## WHAT THE TASK REQUIRES
Find every line in the records below that holds the word "have" and copy it.

Stored data entries
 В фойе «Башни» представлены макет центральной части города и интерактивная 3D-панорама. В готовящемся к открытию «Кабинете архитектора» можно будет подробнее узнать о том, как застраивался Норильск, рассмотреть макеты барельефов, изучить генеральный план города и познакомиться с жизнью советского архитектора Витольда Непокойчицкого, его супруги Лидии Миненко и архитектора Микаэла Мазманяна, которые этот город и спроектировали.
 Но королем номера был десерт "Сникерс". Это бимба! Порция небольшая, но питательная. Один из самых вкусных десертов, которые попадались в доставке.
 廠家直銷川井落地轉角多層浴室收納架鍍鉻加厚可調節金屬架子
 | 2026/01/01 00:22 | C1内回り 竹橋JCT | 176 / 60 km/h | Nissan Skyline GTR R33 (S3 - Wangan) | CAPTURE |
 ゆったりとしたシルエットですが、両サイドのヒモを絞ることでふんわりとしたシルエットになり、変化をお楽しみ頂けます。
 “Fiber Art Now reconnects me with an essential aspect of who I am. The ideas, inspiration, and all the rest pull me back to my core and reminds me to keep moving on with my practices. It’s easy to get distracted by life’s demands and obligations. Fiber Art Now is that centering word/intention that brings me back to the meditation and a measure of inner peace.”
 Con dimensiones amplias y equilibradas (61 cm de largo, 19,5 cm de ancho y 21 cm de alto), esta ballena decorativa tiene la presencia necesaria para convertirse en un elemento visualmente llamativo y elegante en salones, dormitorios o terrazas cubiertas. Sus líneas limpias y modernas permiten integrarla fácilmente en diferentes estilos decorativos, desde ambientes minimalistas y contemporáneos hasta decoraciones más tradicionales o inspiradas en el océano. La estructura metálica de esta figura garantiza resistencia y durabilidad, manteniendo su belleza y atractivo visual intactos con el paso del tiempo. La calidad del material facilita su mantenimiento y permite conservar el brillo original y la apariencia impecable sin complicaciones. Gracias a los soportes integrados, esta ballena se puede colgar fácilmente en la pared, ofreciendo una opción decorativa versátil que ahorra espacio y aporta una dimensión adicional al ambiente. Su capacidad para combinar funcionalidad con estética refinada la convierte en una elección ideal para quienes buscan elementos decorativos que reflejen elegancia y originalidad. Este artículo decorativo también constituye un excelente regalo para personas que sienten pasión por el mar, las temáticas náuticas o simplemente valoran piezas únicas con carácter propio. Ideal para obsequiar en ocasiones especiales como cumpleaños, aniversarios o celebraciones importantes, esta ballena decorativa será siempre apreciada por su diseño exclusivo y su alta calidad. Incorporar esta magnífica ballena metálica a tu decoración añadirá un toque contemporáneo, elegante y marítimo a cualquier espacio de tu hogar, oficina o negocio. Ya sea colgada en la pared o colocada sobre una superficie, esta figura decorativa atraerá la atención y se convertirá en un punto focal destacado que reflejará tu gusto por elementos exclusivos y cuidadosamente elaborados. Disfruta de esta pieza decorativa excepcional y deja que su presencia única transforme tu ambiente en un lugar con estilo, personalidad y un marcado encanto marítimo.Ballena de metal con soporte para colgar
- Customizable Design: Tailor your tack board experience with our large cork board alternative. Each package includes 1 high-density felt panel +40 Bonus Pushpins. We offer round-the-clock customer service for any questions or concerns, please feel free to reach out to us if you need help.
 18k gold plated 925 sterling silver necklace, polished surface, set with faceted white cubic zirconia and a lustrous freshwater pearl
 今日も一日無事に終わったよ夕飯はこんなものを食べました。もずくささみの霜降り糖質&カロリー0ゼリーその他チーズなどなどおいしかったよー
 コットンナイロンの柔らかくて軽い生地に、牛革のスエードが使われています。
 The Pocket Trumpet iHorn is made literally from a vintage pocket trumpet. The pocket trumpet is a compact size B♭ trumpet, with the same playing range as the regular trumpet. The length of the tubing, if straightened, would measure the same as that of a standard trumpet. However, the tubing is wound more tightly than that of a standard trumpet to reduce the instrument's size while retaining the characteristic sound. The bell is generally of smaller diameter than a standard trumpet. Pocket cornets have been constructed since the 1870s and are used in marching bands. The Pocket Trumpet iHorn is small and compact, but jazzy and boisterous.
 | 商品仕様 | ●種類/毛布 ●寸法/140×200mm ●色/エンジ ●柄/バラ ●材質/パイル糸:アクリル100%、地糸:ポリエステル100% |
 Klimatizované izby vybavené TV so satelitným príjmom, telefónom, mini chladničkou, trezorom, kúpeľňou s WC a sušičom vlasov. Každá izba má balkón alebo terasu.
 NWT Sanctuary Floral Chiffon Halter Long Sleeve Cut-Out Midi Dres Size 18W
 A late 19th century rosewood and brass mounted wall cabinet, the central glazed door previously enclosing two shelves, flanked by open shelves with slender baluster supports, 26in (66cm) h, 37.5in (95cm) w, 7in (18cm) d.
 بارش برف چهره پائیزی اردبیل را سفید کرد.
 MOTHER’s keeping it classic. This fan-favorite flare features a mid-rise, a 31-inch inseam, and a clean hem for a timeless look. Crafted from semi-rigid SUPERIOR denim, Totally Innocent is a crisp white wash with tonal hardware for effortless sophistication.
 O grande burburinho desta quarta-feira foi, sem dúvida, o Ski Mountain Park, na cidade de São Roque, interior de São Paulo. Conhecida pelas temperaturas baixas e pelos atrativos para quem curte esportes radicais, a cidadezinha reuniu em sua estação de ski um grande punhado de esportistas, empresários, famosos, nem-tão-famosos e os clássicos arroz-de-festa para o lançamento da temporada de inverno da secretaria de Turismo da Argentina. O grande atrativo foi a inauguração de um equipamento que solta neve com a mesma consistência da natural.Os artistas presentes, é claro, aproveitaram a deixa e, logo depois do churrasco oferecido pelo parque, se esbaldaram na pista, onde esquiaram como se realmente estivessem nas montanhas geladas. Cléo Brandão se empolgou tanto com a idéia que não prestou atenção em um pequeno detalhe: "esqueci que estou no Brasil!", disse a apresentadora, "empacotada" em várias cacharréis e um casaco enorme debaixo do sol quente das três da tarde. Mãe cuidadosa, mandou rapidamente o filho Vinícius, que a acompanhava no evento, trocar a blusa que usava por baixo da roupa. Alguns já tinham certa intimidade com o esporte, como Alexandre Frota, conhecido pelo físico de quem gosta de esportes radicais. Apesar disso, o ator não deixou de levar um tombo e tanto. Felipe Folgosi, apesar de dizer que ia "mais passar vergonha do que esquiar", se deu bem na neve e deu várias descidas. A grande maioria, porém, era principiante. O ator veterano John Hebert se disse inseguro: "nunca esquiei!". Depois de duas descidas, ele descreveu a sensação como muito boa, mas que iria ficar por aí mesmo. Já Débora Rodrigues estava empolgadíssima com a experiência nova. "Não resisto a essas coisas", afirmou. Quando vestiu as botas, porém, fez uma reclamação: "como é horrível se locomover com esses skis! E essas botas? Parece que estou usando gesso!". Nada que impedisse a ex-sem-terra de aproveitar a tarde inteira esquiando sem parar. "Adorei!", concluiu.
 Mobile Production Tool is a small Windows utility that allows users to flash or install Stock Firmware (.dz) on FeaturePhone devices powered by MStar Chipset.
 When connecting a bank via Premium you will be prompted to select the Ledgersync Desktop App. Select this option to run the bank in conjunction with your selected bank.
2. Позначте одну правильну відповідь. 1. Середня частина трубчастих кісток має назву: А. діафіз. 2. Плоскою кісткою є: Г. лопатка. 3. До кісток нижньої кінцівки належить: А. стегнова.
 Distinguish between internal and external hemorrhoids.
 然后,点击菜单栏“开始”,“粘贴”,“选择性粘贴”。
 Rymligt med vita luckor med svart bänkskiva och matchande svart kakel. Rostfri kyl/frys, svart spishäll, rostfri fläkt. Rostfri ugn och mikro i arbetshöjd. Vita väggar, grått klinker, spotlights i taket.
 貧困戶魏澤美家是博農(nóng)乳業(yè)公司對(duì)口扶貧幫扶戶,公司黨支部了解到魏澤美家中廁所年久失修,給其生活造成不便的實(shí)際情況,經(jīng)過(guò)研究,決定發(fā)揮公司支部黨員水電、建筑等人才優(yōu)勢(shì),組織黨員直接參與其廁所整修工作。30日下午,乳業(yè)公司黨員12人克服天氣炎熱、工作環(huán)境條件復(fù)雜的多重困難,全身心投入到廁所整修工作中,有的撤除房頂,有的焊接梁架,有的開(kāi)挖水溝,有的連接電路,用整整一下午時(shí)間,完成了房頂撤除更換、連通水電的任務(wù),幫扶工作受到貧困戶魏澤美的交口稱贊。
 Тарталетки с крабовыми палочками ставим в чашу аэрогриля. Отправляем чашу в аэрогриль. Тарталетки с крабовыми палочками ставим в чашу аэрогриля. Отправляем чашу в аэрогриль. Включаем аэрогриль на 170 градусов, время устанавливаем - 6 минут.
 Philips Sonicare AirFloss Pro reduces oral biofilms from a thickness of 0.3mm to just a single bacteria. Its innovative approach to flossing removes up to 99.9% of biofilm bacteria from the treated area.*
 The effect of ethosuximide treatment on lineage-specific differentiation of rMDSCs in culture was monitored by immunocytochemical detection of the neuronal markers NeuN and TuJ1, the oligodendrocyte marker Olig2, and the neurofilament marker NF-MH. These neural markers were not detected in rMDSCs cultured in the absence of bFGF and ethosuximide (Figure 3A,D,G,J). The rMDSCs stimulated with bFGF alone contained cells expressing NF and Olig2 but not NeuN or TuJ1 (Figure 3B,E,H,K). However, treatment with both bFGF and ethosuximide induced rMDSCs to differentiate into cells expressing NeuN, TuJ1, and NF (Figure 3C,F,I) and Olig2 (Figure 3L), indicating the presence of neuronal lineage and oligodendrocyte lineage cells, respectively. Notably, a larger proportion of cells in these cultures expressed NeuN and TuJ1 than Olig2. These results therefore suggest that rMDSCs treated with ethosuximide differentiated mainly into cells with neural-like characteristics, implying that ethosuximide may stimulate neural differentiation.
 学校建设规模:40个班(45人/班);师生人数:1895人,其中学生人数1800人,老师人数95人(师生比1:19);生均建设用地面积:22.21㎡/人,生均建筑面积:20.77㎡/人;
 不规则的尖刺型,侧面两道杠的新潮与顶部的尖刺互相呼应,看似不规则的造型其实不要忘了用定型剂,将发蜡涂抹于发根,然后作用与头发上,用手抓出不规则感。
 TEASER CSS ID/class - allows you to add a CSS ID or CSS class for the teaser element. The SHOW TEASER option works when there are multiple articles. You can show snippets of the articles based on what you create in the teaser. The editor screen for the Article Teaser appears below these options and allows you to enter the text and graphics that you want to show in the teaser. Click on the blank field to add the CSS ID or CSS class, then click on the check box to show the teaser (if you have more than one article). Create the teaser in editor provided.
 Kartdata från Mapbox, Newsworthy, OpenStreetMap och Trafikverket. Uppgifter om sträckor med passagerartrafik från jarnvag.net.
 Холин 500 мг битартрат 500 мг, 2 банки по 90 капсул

## SOLUTION TO THE EXERCISE
 The Pocket Trumpet iHorn is made literally from a vintage pocket trumpet. The pocket trumpet is a compact size B♭ trumpet, with the same playing range as the regular trumpet. The length of the tubing, if straightened, would measure the same as that of a standard trumpet. However, the tubing is wound more tightly than that of a standard trumpet to reduce the instrument's size while retaining the characteristic sound. The bell is generally of smaller diameter than a standard trumpet. Pocket cornets have been constructed since the 1870s and are used in marching bands. The Pocket Trumpet iHorn is small and compact, but jazzy and boisterous.
 TEASER CSS ID/class - allows you to add a CSS ID or CSS class for the teaser element. The SHOW TEASER option works when there are multiple articles. You can show snippets of the articles based on what you create in the teaser. The editor screen for the Article Teaser appears below these options and allows you to enter the text and graphics that you want to show in the teaser. Click on the blank field to add the CSS ID or CSS class, then click on the check box to show the teaser (if you have more than one article). Create the teaser in editor provided.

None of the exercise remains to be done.